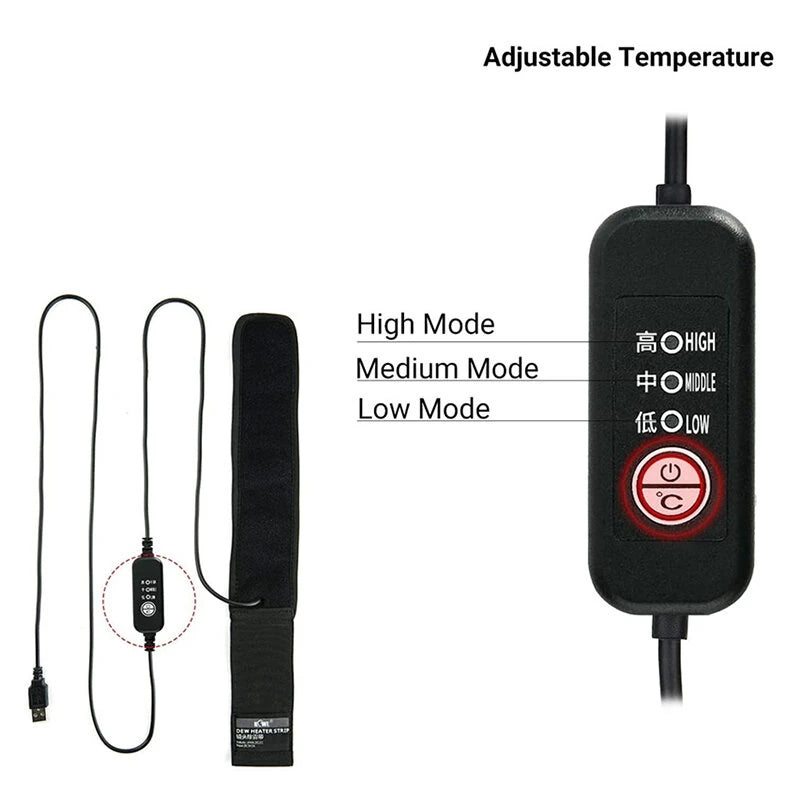 2.Three-speed Temperature Control: This lens dew heater comes with three-speed temperature control of high temperature about 55℃ (131F) 65℃ (149F), mid-range temperature about 45℃ (113F) 55℃ (131F), and low temperature about 35℃ (95F) to 45℃(113F).
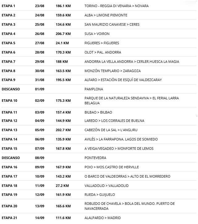 To korte enkeltstarter, som ikke er afgørende, men som kan skabe forskelle, og masser af bjerge. De 21 etaper over 23 dage - med to hviledage - akkumulerer i alt 3.151 kilometer mellem Torino og Madrid. Blandt etaperne er 15 kategoriseret som medium bjerg eller bjerg, med ti af dem, der slutter på en top.
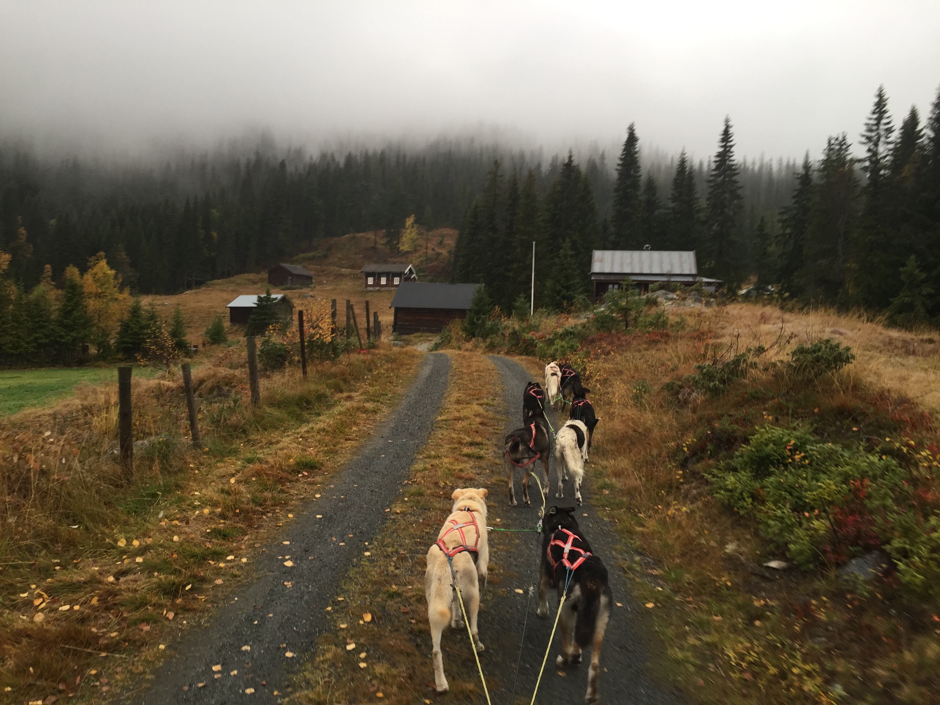 Autumn training had been going pretty smooth so far, with regular runs, slowly increasing distances and little problems. It hadn’t been any stress yet: the dogs don’t need to be in peak shape before the start of January and I think it’s important that they enjoy it at this stage. It was so nice to now be out with a pack that I know well and to find more training ground as we went, discovering more of the nice environment that we live in. If anything the weather was pretty terrible from the end of September through half of October, when pouring rain persisted for three weeks and I came home looking like I fell in a lake somewhere every time again. But still then there was much to enjoy and little to worry about.
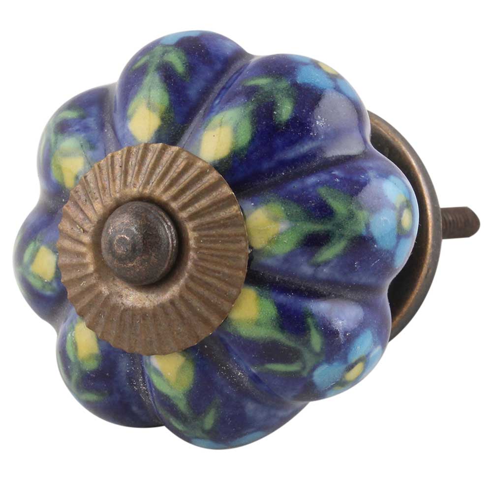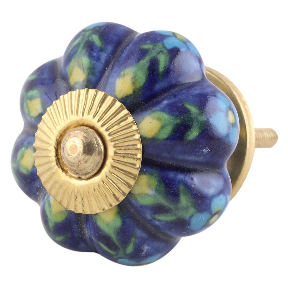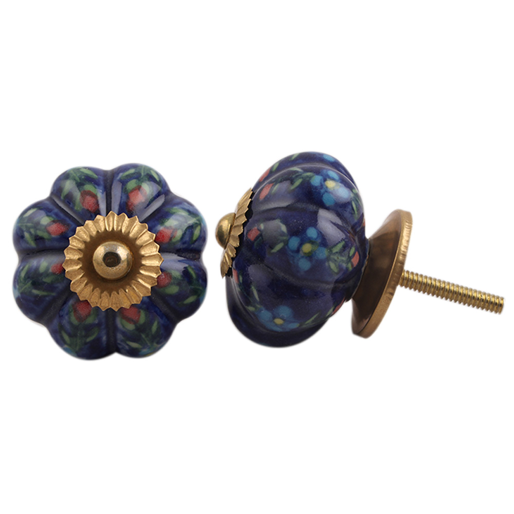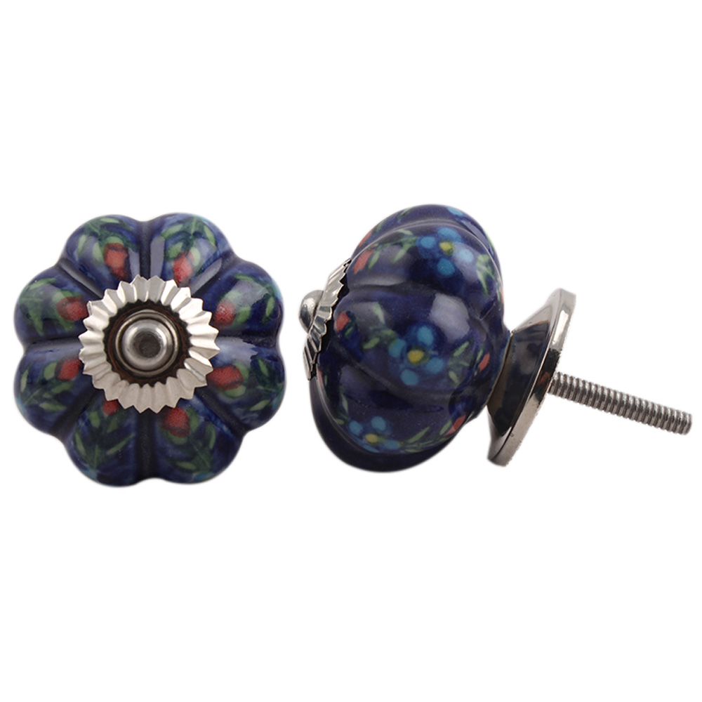 Dark Blue Floral Melon Knob Ideal for kitchen cabinets, kitchen drawers, dining room, bed room, chest drawers, dressing tables, almirah
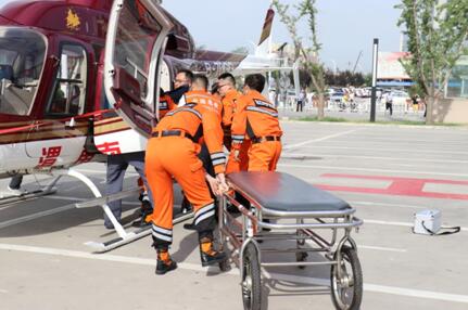 7月8日上午,秦晋豫黄河金三角地区第二届急诊高峰论坛暨反恐航空急救演练观摩会”举行,三架直升机参加反恐航空急救演练,全面开展黄河金三角地区直升机航空医疗救援服务,提高突发急症救治成功率及应对突发公共卫生事件的处置能力。
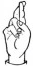 На ћирилици написано ХРАНИМИР КОЛАР састоји се из 13 слова [?]. Исписано ћириличном једноручном азбуком за глувонеме:
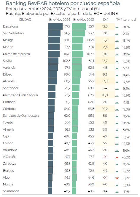 Barcelona se mantiene al cierre de 2024 líder de las ciudades españolas con 147,7€, de ingresos por habitación disponible, seguida de San Sebastián (126,2€), Málaga (119€), Palma (116,8€), Madrid (117,3€), Sevilla (102,8€) y Valencia (97,3€). Salamanca cierra la lista con 40,7 euros por habitación tras subir un 1,1 por ciento en 2024 (la tercera variación más desfavorable el estudio).
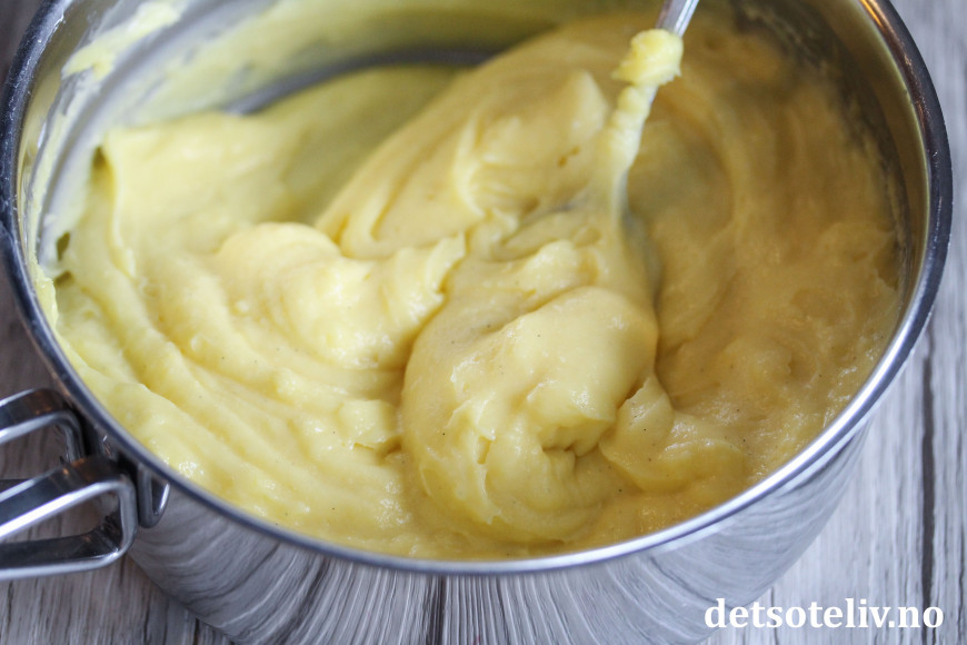 Ta kjelen av platen og la vaniljekremen avkjøles til romtemperatur. Rør av og til.

WHAT THE TASK ASKS
Once you find the line containing "Dark Blue Floral", transcribe it and each line after it to the end of the records exactly, and leave out the pictures.

EXERCISE ANSWER
 Dark Blue Floral Melon Knob Ideal for kitchen cabinets, kitchen drawers, dining room, bed room, chest drawers, dressing tables, almirah
 7月8日上午,秦晋豫黄河金三角地区第二届急诊高峰论坛暨反恐航空急救演练观摩会”举行,三架直升机参加反恐航空急救演练,全面开展黄河金三角地区直升机航空医疗救援服务,提高突发急症救治成功率及应对突发公共卫生事件的处置能力。
 На ћирилици написано ХРАНИМИР КОЛАР састоји се из 13 слова [?]. Исписано ћириличном једноручном азбуком за глувонеме:
 Barcelona se mantiene al cierre de 2024 líder de las ciudades españolas con 147,7€, de ingresos por habitación disponible, seguida de San Sebastián (126,2€), Málaga (119€), Palma (116,8€), Madrid (117,3€), Sevilla (102,8€) y Valencia (97,3€). Salamanca cierra la lista con 40,7 euros por habitación tras subir un 1,1 por ciento en 2024 (la tercera variación más desfavorable el estudio).
 Ta kjelen av platen og la vaniljekremen avkjøles til romtemperatur. Rør av og til.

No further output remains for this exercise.